2) Unitary Development Plans (UDPs)

Local councils can only make planning decisions in line with their UDP policies or else see their decisions overturned on appeal. To use the planning law to prevent undesirable concentrations of late night activity, local authorities must establish new policies in their UDP, which must then go to public inquiry. A dynamic late night economy requires a more flexible and dynamic response than is available through the planning policy process. Many A3 uses have been granted in the past on the basis that their hours could be controlled through licensing. Unless these existing premises are required to seek a new planning permission (which is inconceivable), the authority will have no ability to prevent a significant increase in late night drinking from these premises in areas that already face significant crime and disorder issues.

Case Study: Westminster City Council is currently updating its UDP, which is being considered by a planning inquiry. In line with Government suggestions it is designating stress areas where it believes there is already too great a concentration of late night licenses. One of the principal objectors to this policy is the licensed trade, which is arguing in its submission that these are matters for licensing rather than planning policy!

3) Planning Enforcement

The powers to enforce against planning breaches are far weaker than in breaches of license conditions. If a premises changes use without planning permission, for example by changing from a shop into a bar, the local authority can serve a notice on the owner. But the premises may trade quite lawfully nevertheless. The notice can be appealed, or the premises can seek retrospective planning permission and then appeal a refusal to issue consent. By playing the system it is perfectly possible for premises to stay in business for eighteen months before the process reaches its conclusion, trading lawfully all the while.
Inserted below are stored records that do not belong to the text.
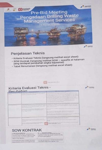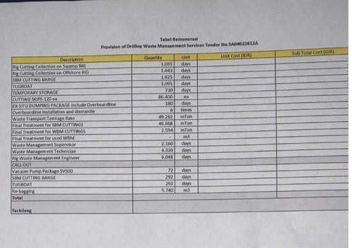 “Kegiatan inilah yang kami duga adalah post bidding yang dilarang menurut aturan Pedoman Tata Kerja (PTK) nomor 007/SKKIA0000/2023/S-9. Seharusnya Panitia Tender cukup melakukan pemutakhiran data sesuai Pertek Kementerian Lingkungan Hidup tanpa harus mewajibkan peserta tender menyampaikan dokumen penawaran (post bidding). Sebab, Pertek LH tidak merubah lingkup pekerjaan, hanya mengurangin volume saja, lantaran surat Menteri Lingkungan Hidup mensyaratkan untuk limbah serbuk bor berbahan dasar air atau water base mud bisa dibuang ke laut jika semua syarat terpenuhi, bukan hanya kandungan minyak 10 ppm saja,” ungkap Yusri.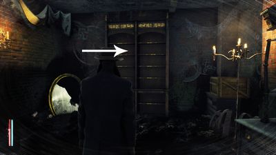Retournez au rez-de-chaussée et passez à travers le portail qui vient d'apparaître (photo ci-dessous). La première scène est à côté de la faille, la 2ème est le groupe d'homme qui jette le corps en bas et la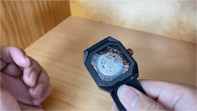 这里给大家演示一下抗震效果 当手表重击手掌后,陀飞轮快速旋转,可以明显看到整个手表在弹簧的作用下 左右晃动感,就像汽车的一个避震器缓冲的效果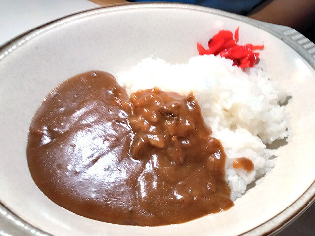 相方はカレーライスが小盛りにできるというので中食。良い香りが漂ってきます。とろみがついた昔ながらの喫茶店のカレーライス。求められるそのまんまの料理。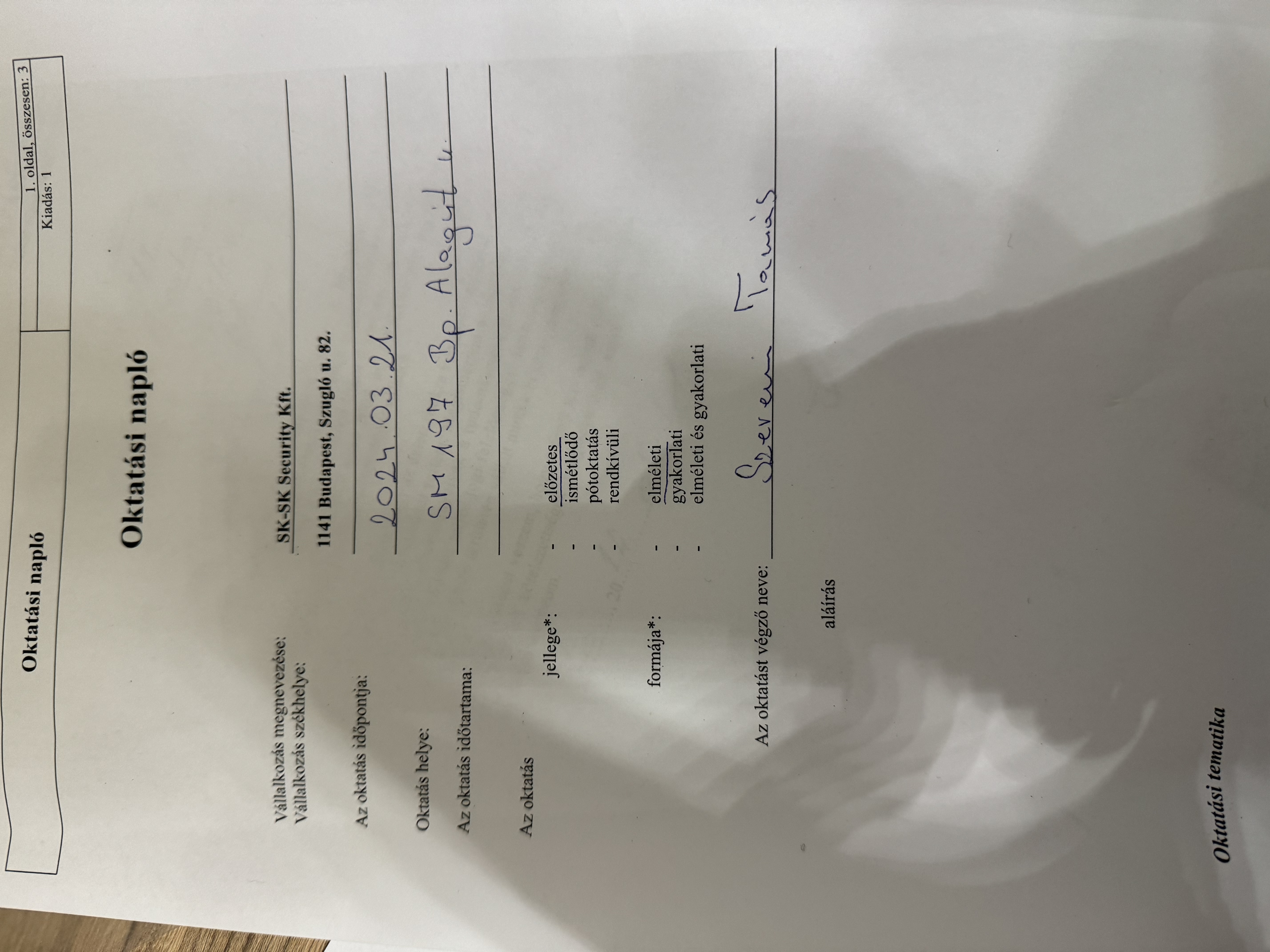 | Történt az ellenőrzéshez kapcsolódóan oktatás? | Nem |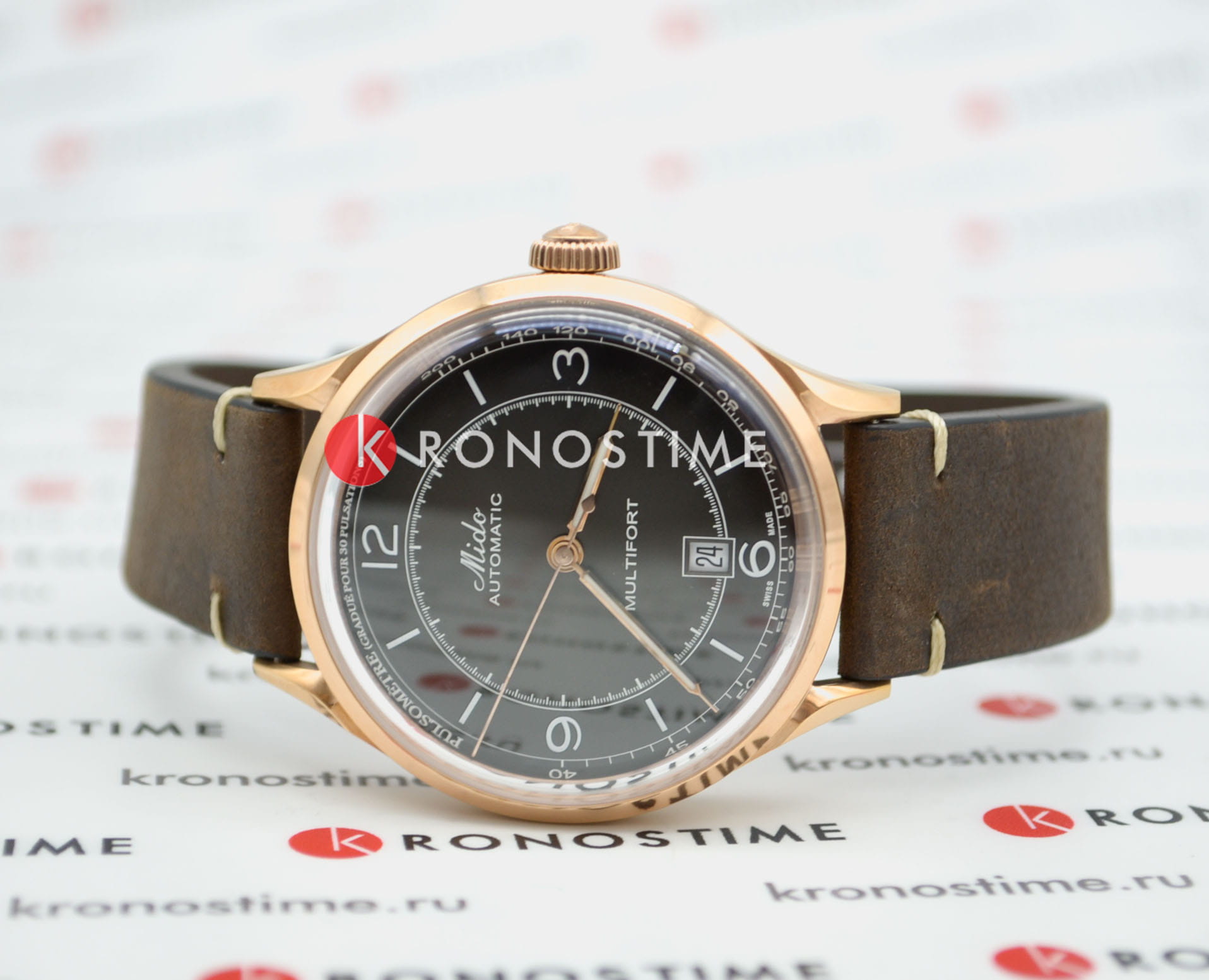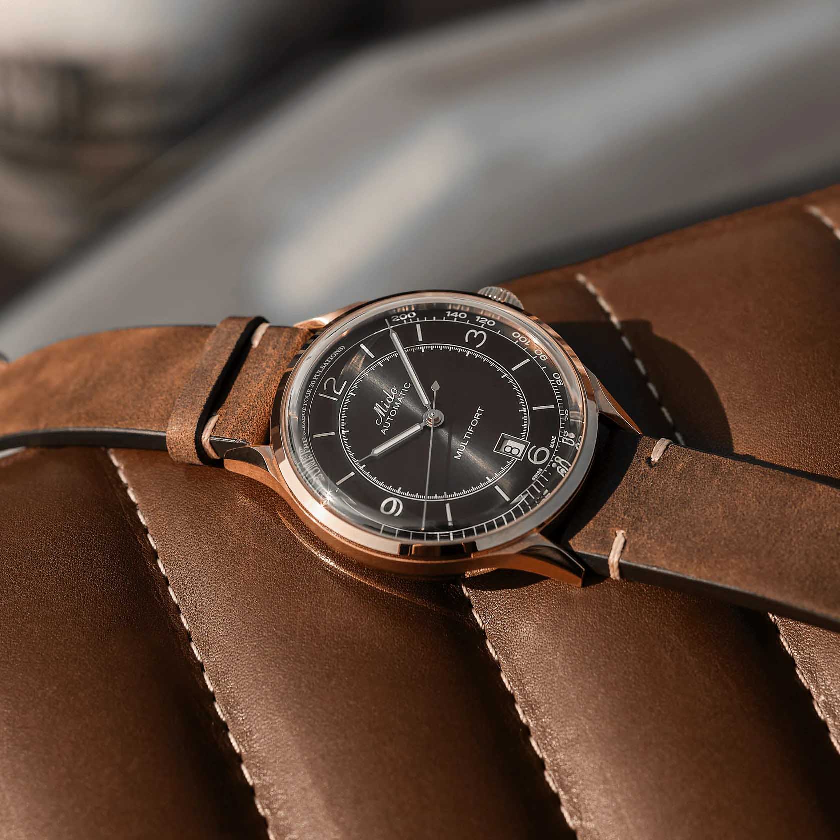 Часы MIDO Multifort Patrimony (артикул M040.407.36.060.00) сочетают элегантный ретро-дизайн и современные технологии, вдохновлённые историческими моделями MIDO. Корпус диаметром 40 мм выполнен из нержавеющей стали с PVD-покрытиемPVDУльтратонкое покрытие наносится в технике вакуумного напыления, сочетает в себе нитрид титана особой прочности со слоем золота или оксида хрома. Несёт в себе декоративную или защитную функцию. цвета розового золота и водозащитой до 5 бар (50 метров). Прозрачная задняя крышка подчёркивает изысканный механизм. Антрацитовый циферблат с градиентным эффектом оснащён накладными часовыми метками и арабскими цифрами с покрытием Super-LumiNova®Люминесцентное покрытиеПозволяет считывать показания времени в темноте. Производители наносят на стрелки, часовые индексы, безель или поверхность циферблата светонакопительный состав, дающий холодное свечение.. Шкала пульсометра добавляет уникальный элемент дизайна, а окошко даты расположено в положении «6 часов». Циферблат защищён сапфировым стекломСапфировое стеклоПрочный и надёжный материал из кристалла сапфира синтетического происхождения, характеризующийся особой твёрдостью и устойчивостью к царапинам и повреждениям. с антибликовым покрытием.

Under the new Licensing Bill, such a premises would also be entitled to a 24-hour license regardless of the planning position.

Case study: a Class A1 retail premises in Soho began operating in breach of planning control as a Class A3 cafe/restaurant in 1998. Following warnings from the planning enforcement team the business closed down. The A3 use then later reopened under new owners but again closed promptly following threats of enforcement action. When it reopened a third time under yet more new owners in January 2000, these owners said they proposed to bring the operation within a sandwich bar use which would fall within the lawful Class A1 use. They submitted an application for a Certificate of Lawfulness for a Proposed Use in order to establish beyond doubt that what they proposed would constitute an Al use. After some negotiation a Certificate was issued. However they did not operate in accordance with the certificate but continued to operate as a Class A3 cafe/restaurant. When threatened with the issue of an enforcement notice they submitted applications to keep the cafe/restaurant use and for tables and chairs outside the premises. The applications were refused and authority to issue enforcement notices against both matters was obtained at the same time. The owners appealed however and a decision is expected in December this year. Despite enforcement action, for the greater part of the period 1998 to date the unauthorised use has traded in breach of planning control.

Conclusion

It will be seen that planning legislation alone currently provides little protection for authorities seeking to manage the late night economy. Until there is a change in Use Classes Orders to categorise bars and nightclubs as a use in their own right separate from restaurants and other entertainment uses, and without far more effective enforcement powers, local authorities must be able to rely on a cumulative impact policy as part of its local licensing statement to ensure safe and attractive town centres. Even then, planning will only provide controls over new premises in new locations rather than the thousands of existing premises to which new licensing hours will apply.